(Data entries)
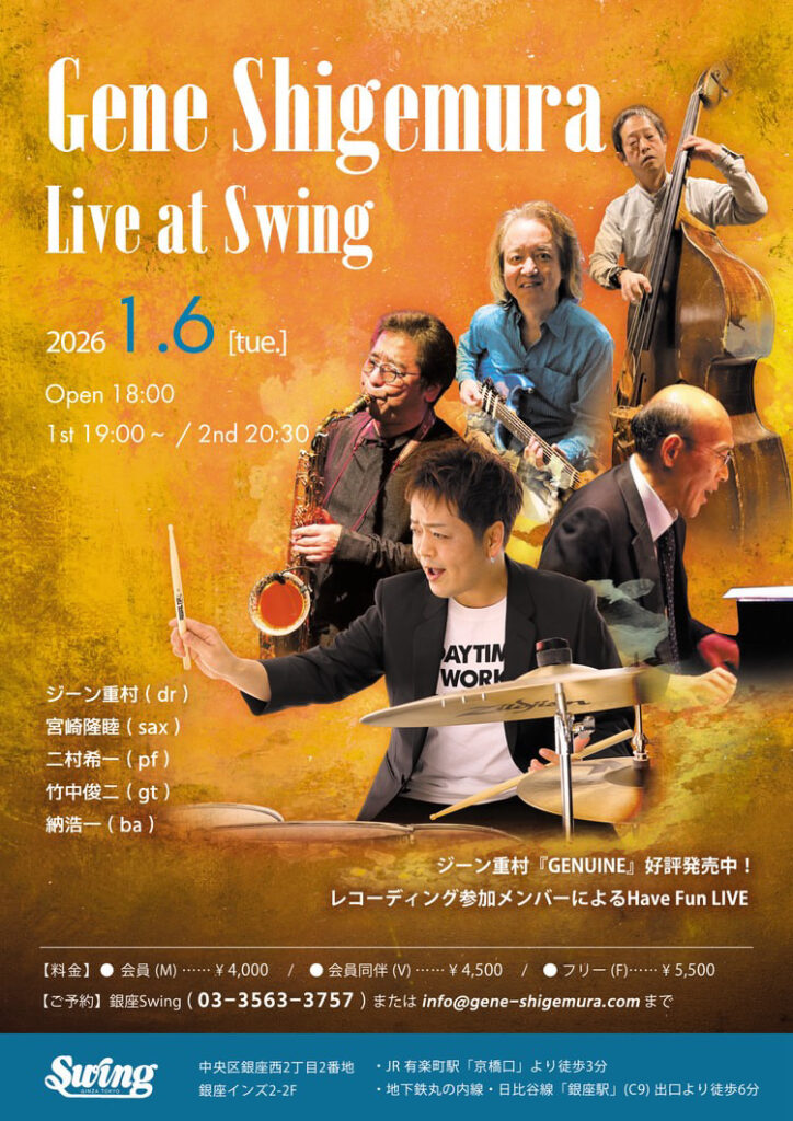 銀座Swingでの1月6日のライブ、予約受付中です!
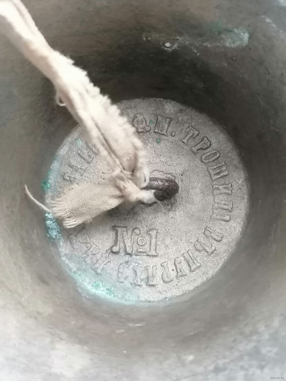 В хорошем состоянии. Без сколов и трещин. Языка нет, вместо него шайба
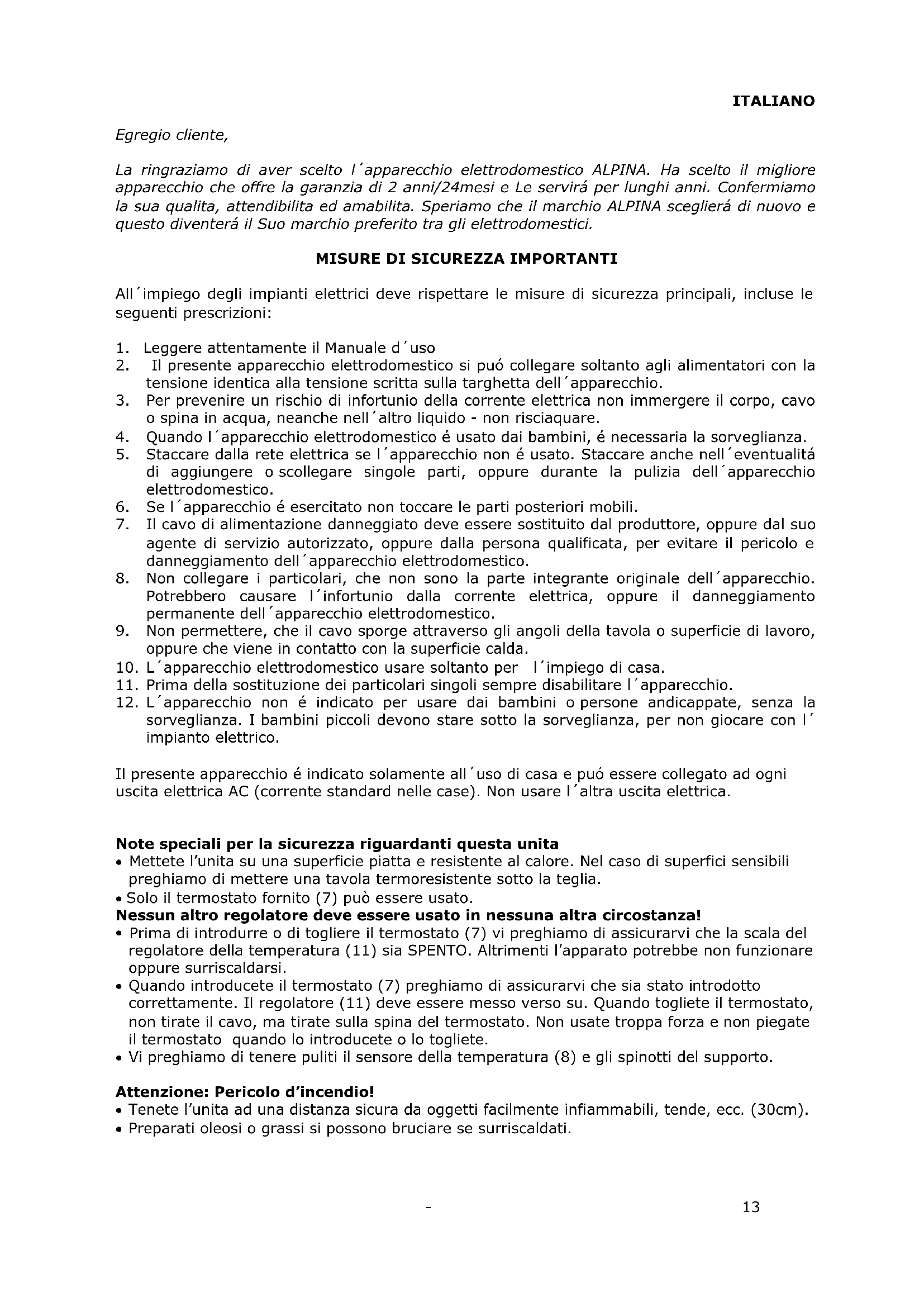 La ringraziamo di aver scelto l'apparecchio elettrodomestico ALPINA. Ha scelto il migliorere apparecchio che offre la garanzia di 2 anni/24mesi e Le servirá per lunghi anni. Confermiamo la sua qualita, attendibilità ed amabilità. Speriamo che il marchio ALPINA scegliera di nuovo e quello diventerà il Suo marchio preferito tra gli elettrodomestici.
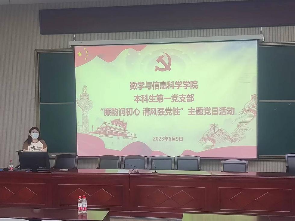 69日,本科生第一党支部在数学院报告厅开展以“廉韵润初心,清风强党性”为主题的党风党纪主题教育活动。本次活动由支部书记毛悦梅领学。
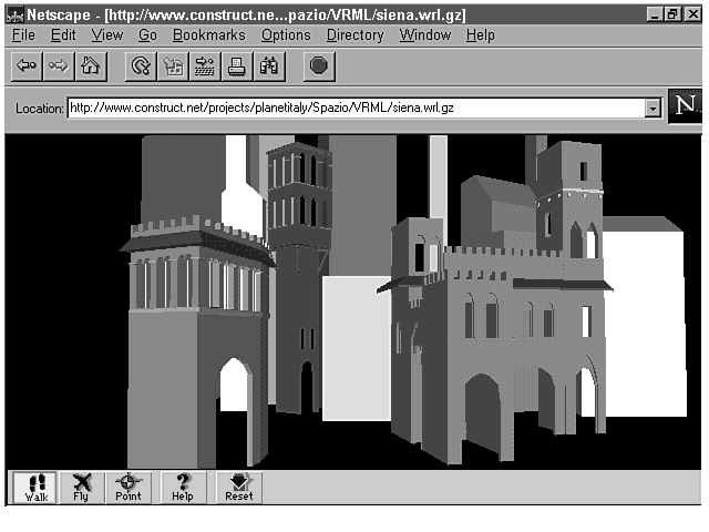 Originally called the Virtual Reality Markup Language, which points to its association with HTML, this language specifies how 3-D images can be displayed across operating systems, and also allows for low- and hi-resolution image loading across the Internet, lighting, shading, and much more. Netscape's Live3d adds a new dimension with movement and Java support. Figure 10.9 is an example of a VRML file.

**EXERCISE DESCRIPTION**
Every line from the top of the records above to the line with "69日,本科生第一党支部在数", inclusive, should be duplicated exactly, minus the pictures.

**REPLY**
 銀座Swingでの1月6日のライブ、予約受付中です!
 В хорошем состоянии. Без сколов и трещин. Языка нет, вместо него шайба
 La ringraziamo di aver scelto l'apparecchio elettrodomestico ALPINA. Ha scelto il migliorere apparecchio che offre la garanzia di 2 anni/24mesi e Le servirá per lunghi anni. Confermiamo la sua qualita, attendibilità ed amabilità. Speriamo che il marchio ALPINA scegliera di nuovo e quello diventerà il Suo marchio preferito tra gli elettrodomestici.
 69日,本科生第一党支部在数学院报告厅开展以“廉韵润初心,清风强党性”为主题的党风党纪主题教育活动。本次活动由支部书记毛悦梅领学。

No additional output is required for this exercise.